Defect tech tested
A new building assessment tool uses eye-tracking to spot mistakes.
Building defects account for up to 60 per cent of construction costs, resulting in significant budget blowouts, but new eye-tracking technologies are being developed by the University of South Australia to address the issue.
The technology, embedded in 3D headsets, is designed to help construction workers undertake more thorough checklists and identify building defects early in the construction process, potentially saving companies millions of dollars, time, and resources.
The tool combines building information modelling and eye gaze data captured during a standard building inspection.
“The augmented reality headsets shoot laser beams out of the bottom of the user’s eye to track where they are looking in a 3D model when they do a building inspection,” says computer scientist Dr James Walsh.
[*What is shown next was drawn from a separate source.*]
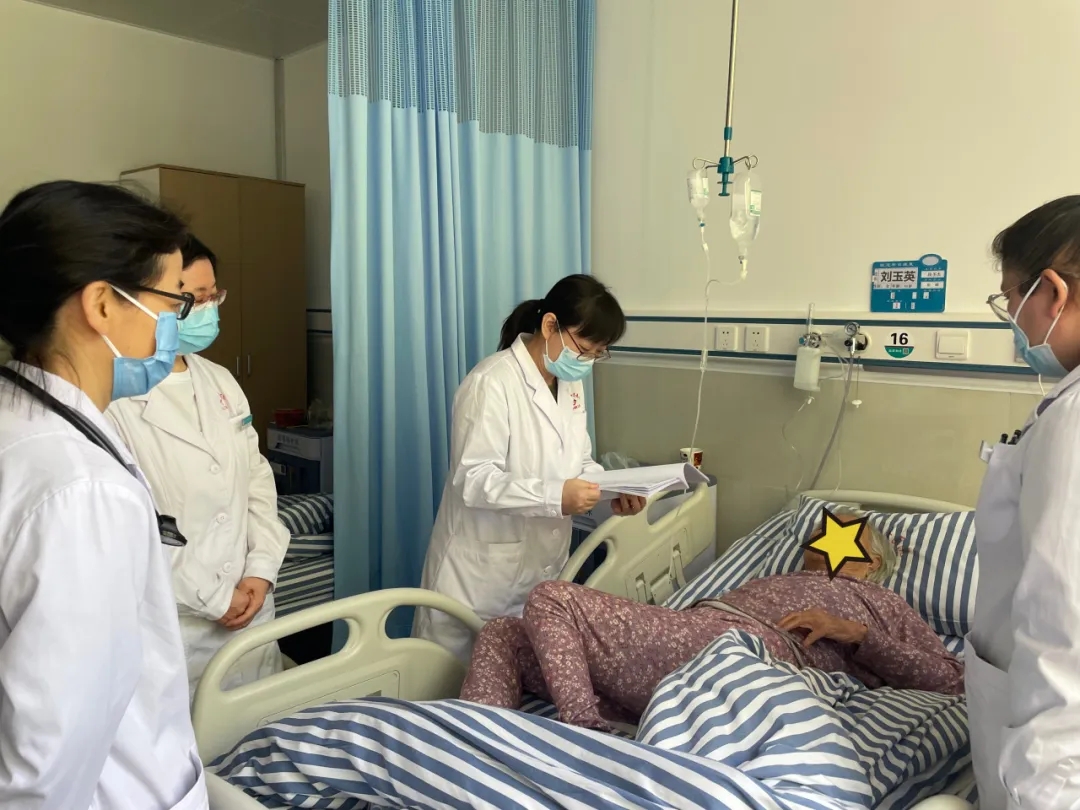 在疑难病例查房中,曹若瑾仔细听取病历汇报,认真查体并分析患者的检查资料,从疾病诊断、治疗及护理方面进行了全面的指导。并与和济医护人员共同探讨了一例多病共存高龄老年患者的治疗方案和护理技巧,为患者的健康恢复和优质护理提供了有力支持。
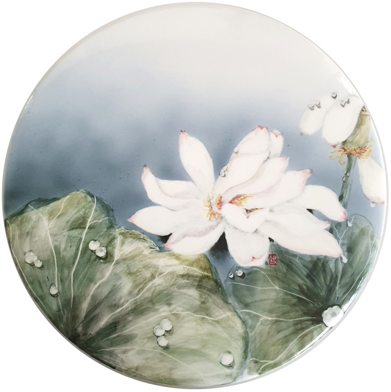 'K-아트페어'에서 선보이는 물방울과 연꽃의 조화로운 풍경은 화려함의 겉멋 보다 내면의 아름다움을 밖으로 진전시켜 꾸밈없는 순수 매력을 체감하는 시간을 만들고자 한다. 식물 자체에서 형성되는 색 그대로 채색하여 부담감이 없고 편안한 심리를 만든다. 매끄러운 도판은 꽃잎의 신선함을 표현하는데 부족함이 없고, 색의 계조에 따라 연꽃 잎사귀는 살아 있는 듯 움직임이 포착된다. 묵의 농담이 연상되듯 꽃잎의 색상은 진하고 묽은 부분의 계산이 치밀해 생동감이 넘친다.

The eye-tracking technology validates the checklist process, ensuring that construction workers are doing a thorough inspection by matching their eye gaze data against the 3D architectural building model.
“The tool ensures that people doing a building inspection are not just walking through a room, but spending enough time to thoroughly check essential elements, identifying that light switches, taps, cables, or pipes are the correct ones and are properly installed,” he said.
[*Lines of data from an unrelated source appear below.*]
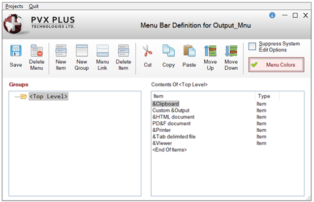 (The Menu Bar Definition task on the IDE was added in PxPlus 2023 Update 1.)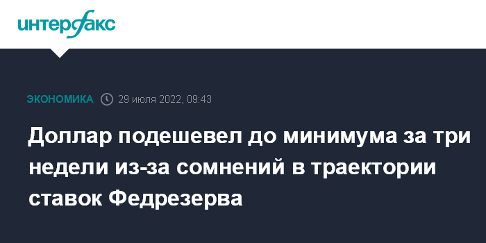 Москва. 29 июля. INTERFAX.RU - Курс доллара к основным мировым валютам снижается в пятницу, поскольку трейдеры начинают пересматривать свои прогнозы относительно дальнейшей траектории ключевой процентной ставки Федеральной резервной системы, пишет Trading Economics.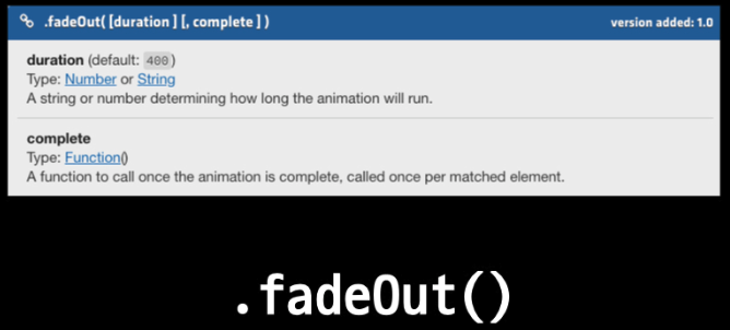 .fadeOut() 드론이 뱉은 침 벙커맞고 사라지기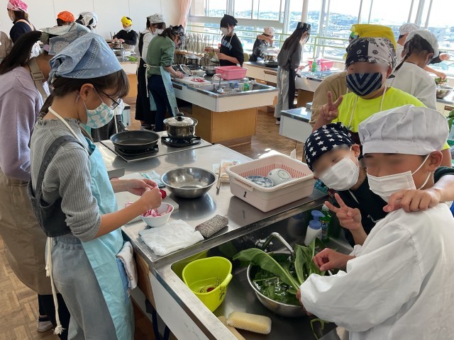 5年生の家庭科では、今日も収穫した野菜を材料に調理していました。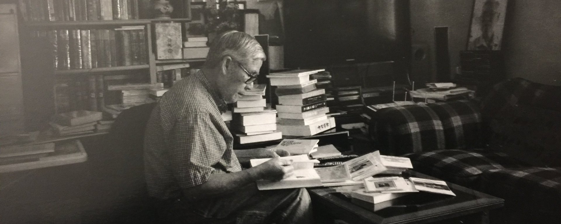 Nhà anh là một thư viện. Đó là nói về số lượng sách. Nhưng cam đoan không có cái thư viện nào bề bộn như vậy. Trong căn nhà nhỏ, sách lấn người. Phòng khách của anh tứ bề là sách. Vài chiếc kệ sách èo uột, khặc khè ôm sách, đứng sát vách tường như e dè với từng chồng sách chênh vênh trên bàn, trên ghế. Trong các phòng khác, sách cũng chiếm thế thượng phong. Ngoài hành lang, sách cũng lủ khủ trong những thùng giấy mà những khi mưa gió, anh phải di chuyển để sách khỏi ướt. Nhà chỉ có hai vợ chồng nhưng sách của anh coi bộ làm bá chủ. Chị nói nhỏ với tôi: “Chi chứ sách của anh là không bao giờ được đụng tới!”. Sách được thể lên chân lên cẳng.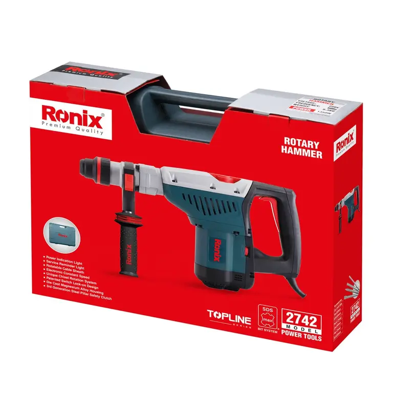 بتنکن 8.3 کیلوگرمی رونیکس مدل 2742، مجهز به یک موتور قدرتمند 1350 وات و با بازدهی بالا در دو عملکرد سوراخکاری و سوراخکاری چکشی است. سیستم تخریب سریع این بتنکن، قابل مقایسه با سوپربرندهای جهانی بوده و سرعت آن در حالت آزاد در محدوده 516-150 دور بر دقیقه قرار دارد.

“Depending on the nature of the build, whether it’s bespoke or more standardised, the temptation is to tick checklist boxes without doing a rigid inspection, and that can cost thousands of dollars if defects are not picked up early on.”
Dr Walsh says the eye-tracking data does not replace a checklist, but validates it, so defects must still be manually recorded.
“For the construction industry, at the end of the day it’s all about costs and timelines. The earlier we can identify what has gone wrong, the quicker we can fix it and the cheaper it is going to be to remedy it.”
The researchers are working with construction partners to evaluate the tool on site over the life cycle of a building project.
“One of the great things about this project is that it’s an example of how our PhD students and researchers are working on real-world applied problems that can help industry now, not in 10 or 20 years,” Dr Walsh says.
Much of the work was undertaken by University of South Australia PhD student Kieran May.